Module 5 - Circular Motion (Kinematics of Circular Motion) Flashcards
What is meant by circular motion
object moving in a circular path within a single, flat plane, maintaining a constant distance from a central point.
What is meant by the radian
A precise measure of angle that uses the inherent properties of a circle - its radius- to approximate angles
What is one Radian equal to in degrees
57.3 Degrees
What is one radian equal to in terms of its arc length and radius
One radian is equal to the ratio between a circles circumference and its radius
What is the equation for arc length in radians
s = θr
s - arc length
θ - angle
r - radius
What is the equation of radians in terms of degrees
radians = degrees x π/180
What is the equation for degress in terms of radians
degrees = radians x 180/π
What is meant by angular velocity
The change in angle of a body in circular motion per unit time
What is meant by Time period
The time taken for an object in circular motion to complete one oscillaltion
What is meant by Frequency
The number of oscillations an object in circular motion completes per unit time
Give the base equation for angular velocity
ω = θ/t
ω - angular velocity
θ - angle progression
t - time
Give the equation for angular velcocity for a full oscillation
ω = 2π/T
ω - angular velocity
T - time period
Give the equation for angular velocity including frequency and derive it
ω = 2π/T
T = 1/f
ω = 2πf
Explain ω = 2πf conceptually
ω, is the number of radians per unit time, 2π is the number of radians in one oscillation, f is the number of oscillations per unit time, therefore 2πf, is the total number of radians in the number of oscilaltions per unit time.

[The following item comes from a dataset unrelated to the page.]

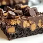 Decadent Reeses Peanut Butter Earthquake Cake topped with chocolate and peanut butter.
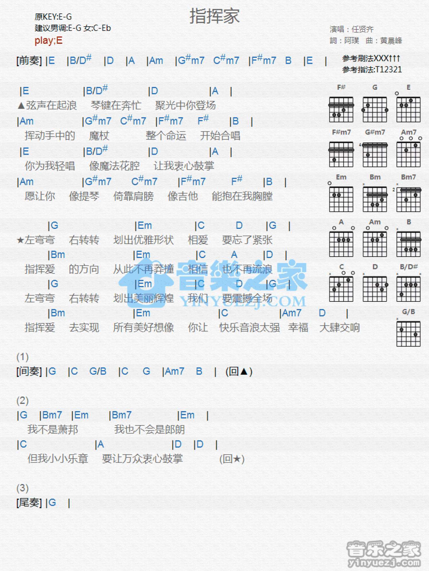 曲谱介绍: E调版任贤齐《指挥家》吉他和弦弹唱谱

What is the unit for angular velocity
rad s⁻¹
What is meant by linear speed
The distance travelled per unit time
Give the equation for linear speed
v = s/t
If two objects in circular motion, about the same point, are in sync but have different radii descirbe fully, their:
- Angular Velocity
- Linear Velocity
Both objects have the same angular velocity as they start and finish their oscillations at the same time. However, they have different linear velocities, the one with the greater circumference and therfore radius will have a greater linear velocity as it must cover a greater distance in the same time to be in sync with the one with the smaller radius
For constant speed in a circular motion what factors affect linear speed
- Radial Length, the greater the radius for the, for a constant speed, the particle must travel a greater distance in the same time, meaning v ∝ r
- Angular Velocity, The greater the angle progression per unit time, the grater the distance through the circle travelled per unit time, meaning v ∝ ω
What is the equation linking angular and linear velocity
v = rω
Derive v = rω
s = θr
DIFFERENTIATE WITH RESPECT TO t:
ds/dt = d/dt (θr)
FACTOR R:
ds/dt = r(dθ/dt)
SUBSTITUTE
ds/dt = v
dθ/dt = ω
v = rω